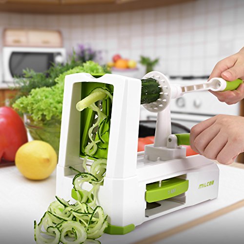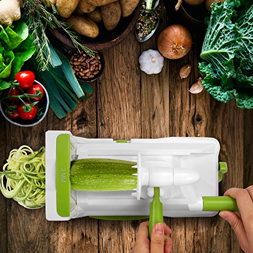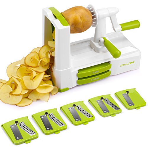 HIGHLY VERSATILE: You will get 5 clearly labeled 420 stainless steel blades to make a wide variety of cuts (angel hair, spaghetti, fettucine, curly fries, and ribbons) Perfect for Making Quick Low Carb, Paleo, Gluten-Free Meals,Veggie Pasta Spaghetti, Healthy Veggie Noodles from Firm Fruits/Veggies Like Apple, Onion, Carrot, Zucchini, Cucumber, Cabbage, Beet, Turnip, Rutabaga, Radish, Potato, Sweet Potato, Squash & More. Open up a whole new world of healthy eating!
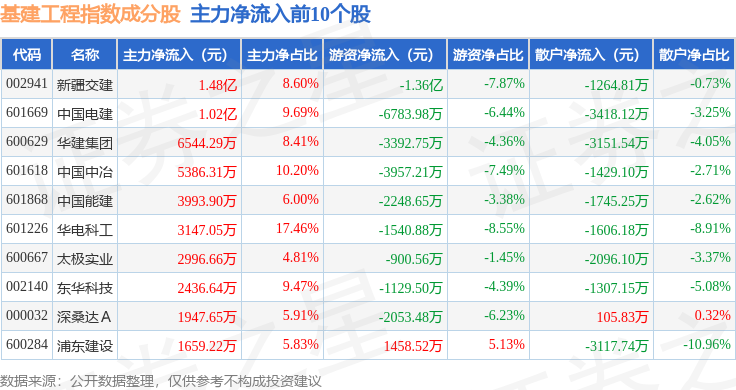 资金流向方面,基建工程(399995)指数成份股当日主力资金净流入合计1.3亿元,游资资金净流出合计3.55亿元,散户资金净流入合计2.24亿元。成份股资金流向详情见下表:
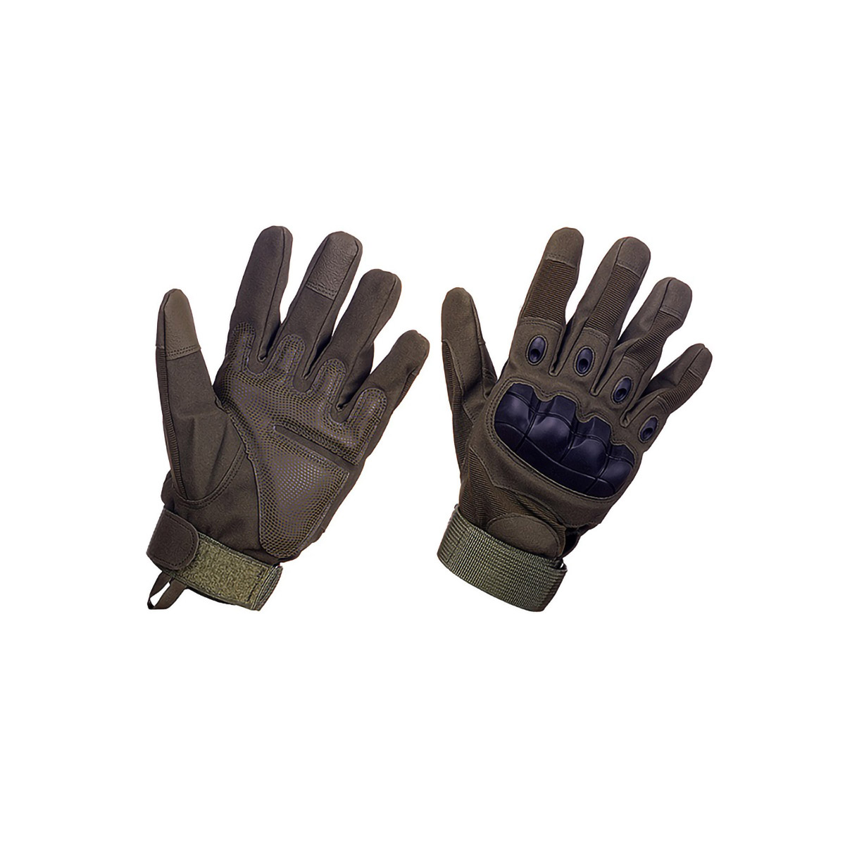 На внешней стороне перчаток расположена пластиковая защита - специальные вставки из эластичного пластика, которые обеспечивают защиту суставов при ударах или падении, и при этом оставляют пальцам высокую подвижность. Также, смягчающие вставки имеются и на ладони. Эргономичное расположение внешних и внутренних защитных элементов позволяют пользователю хорошо контролировать оружие, не стесняют движений.
::::::
▶ _WORK INSTRUCTION_:
Go through the material above and print all of it exactly, except the pictures.

▶ _SOLUTION FOR THIS EXERCISE_:
 HIGHLY VERSATILE: You will get 5 clearly labeled 420 stainless steel blades to make a wide variety of cuts (angel hair, spaghetti, fettucine, curly fries, and ribbons) Perfect for Making Quick Low Carb, Paleo, Gluten-Free Meals,Veggie Pasta Spaghetti, Healthy Veggie Noodles from Firm Fruits/Veggies Like Apple, Onion, Carrot, Zucchini, Cucumber, Cabbage, Beet, Turnip, Rutabaga, Radish, Potato, Sweet Potato, Squash & More. Open up a whole new world of healthy eating!
 资金流向方面,基建工程(399995)指数成份股当日主力资金净流入合计1.3亿元,游资资金净流出合计3.55亿元,散户资金净流入合计2.24亿元。成份股资金流向详情见下表:
 На внешней стороне перчаток расположена пластиковая защита - специальные вставки из эластичного пластика, которые обеспечивают защиту суставов при ударах или падении, и при этом оставляют пальцам высокую подвижность. Также, смягчающие вставки имеются и на ладони. Эргономичное расположение внешних и внутренних защитных элементов позволяют пользователю хорошо контролировать оружие, не стесняют движений.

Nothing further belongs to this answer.